David T. Prosser Jr. (born December 24, 1942) is an American jurist and politician who served as Speaker of the Wisconsin State Assembly from 1995 to 1996, and as a justice of the Wisconsin Supreme Court from 1998 to 2016.

Following his graduation from University of Wisconsin Law School, Prosser worked in Washington as an attorney at the U.S. Department of Justice and as an aide to U. S. Representative Harold Vernon Froehlich. Returning to Wisconsin, he began a private practice, worked as a district attorney for two years, then served 18 years as a Republican party legislator in the Wisconsin State Assembly. He was the state house minority leader for six of those years and Speaker of the Assembly for two years. 

After an unsuccessful bid for the U.S. House in 1996, Prosser was appointed by Wisconsin Governor Tommy Thompson to a vacant seat on the state tax appeals board, then in 1998 to a vacant seat on Wisconsin Supreme Court. He was elected to his first 10-year term without opposition in 2001. He ran for reelection in April 2011 against little-known Wisconsin assistant attorney general JoAnne Kloppenburg. The race received national attention and was viewed as a referendum on efforts by Republican Governor Scott Walker and the Republican-controlled legislature to curb the union rights of public workers in Wisconsin. The April 5, 2011 election was too close to call until two days later when the Waukesha County Clerk announced she had erroneously omitted more than 14,000 votes from her earlier tally. The additional votes gave Prosser a lead of over 7,000 which was sustained by a later recount.

Prosser received media attention in 2010 following verbal altercations with the chief justice of the Wisconsin Supreme Court, and also in June 2011 when allegations were made of a physical altercation between Prosser and fellow associate justice Ann Walsh Bradley that occurred in connection with the union-curbing bill. A special prosecutor investigated but declined to press criminal charges. An ethics action against Prosser was recommended by the Wisconsin Judicial Commission, however, after three other justices recused themselves from the matter, no further action was taken.

Early life and education
Prosser was born in Chicago, Illinois to David T. Prosser Sr. and his wife Elizabeth (Patterson) Prosser, and was raised in Appleton, Wisconsin. After graduating from Appleton High School, he attended DePauw University, receiving his B.A. in 1965. He went on to law school at the University of Wisconsin and received his J.D. in 1968.

Career

Early career
Prosser lectured at Indiana University-Indianapolis Law School from 1968 to 1969, before working from 1969 to 1972 in Washington, D.C. as an attorney advisor in the Office of Criminal Justice, U.S. Department of Justice. He ran unsuccessfully for a seat in the Wisconsin General Assembly in 1973, then served as an administrative assistant to U.S. Representative Harold Vernon Froehlich, a Republican member of the House Judiciary Committee from 1973 to 1974 during the Watergate impeachment hearings. After two years in private practice as a self-employed lawyer, Prosser served as Outagamie County District Attorney from 1977 to 1978.

Wisconsin legislature
Prosser represented the Appleton area in the Wisconsin State Assembly as a Republican from 1979 through 1996. His committee assignments included Criminal Justice and Public Safety and Judiciary. During his tenure in the Assembly, he served six years as Minority leader and two years as Speaker.

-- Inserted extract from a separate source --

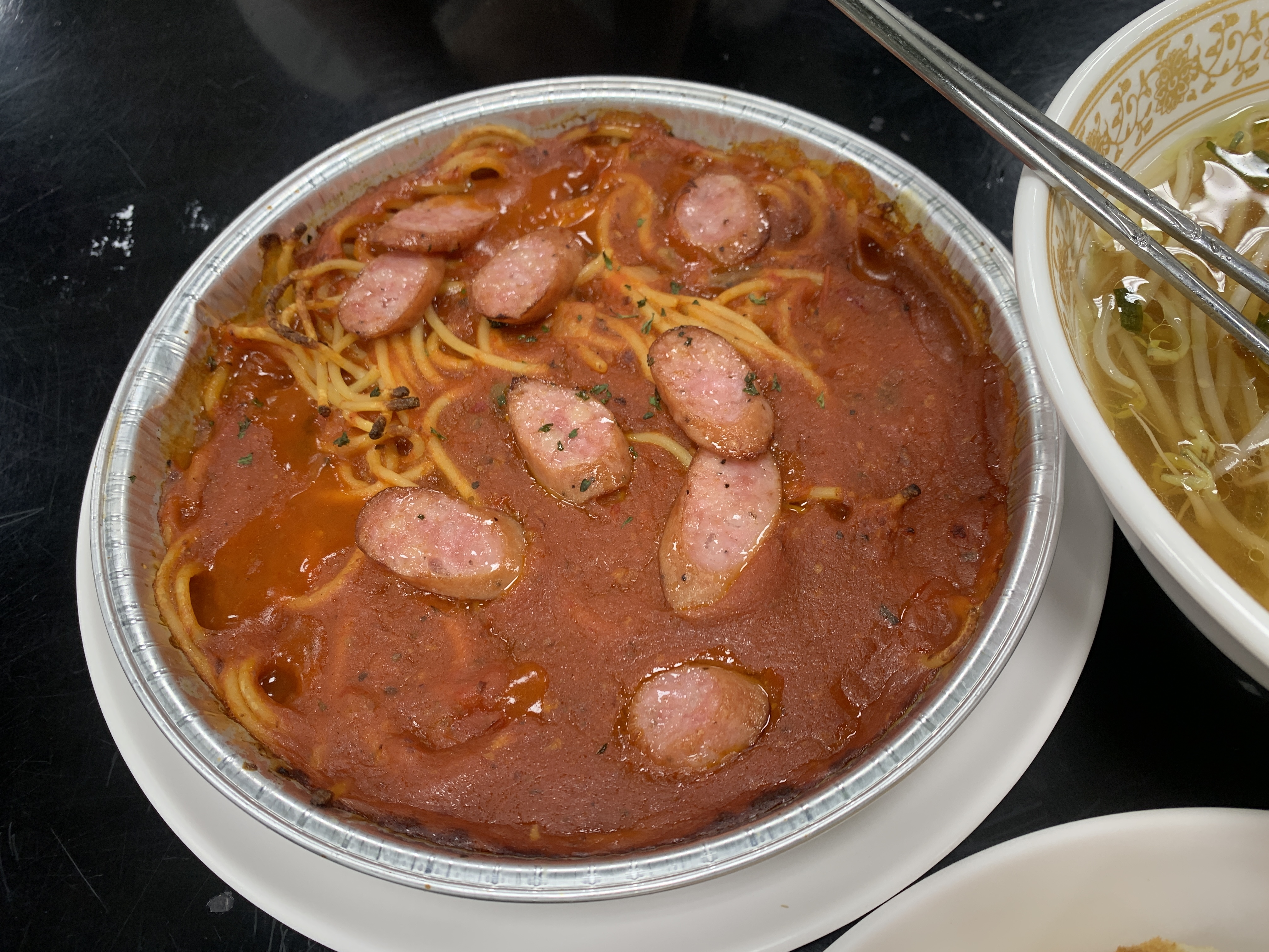 소시지가 올려진 나폴리탄 파스타

In 1981, he opposed removing criminal penalties on sexual activity and cohabitation between unmarried, consulting adults, though he did express a willingness to repeal the jail terms. He stated that legalizing sex outside of marriage would increase divorce rates, the number of children born outside of wedlock, welfare payments, sexually transmitted diseases, and abortions. In 1995, while he was Assembly Speaker, Prosser led the push for the new baseball stadium for the Milwaukee Brewers, saying that Wisconsin had a choice of being either a "big league or bush league" state.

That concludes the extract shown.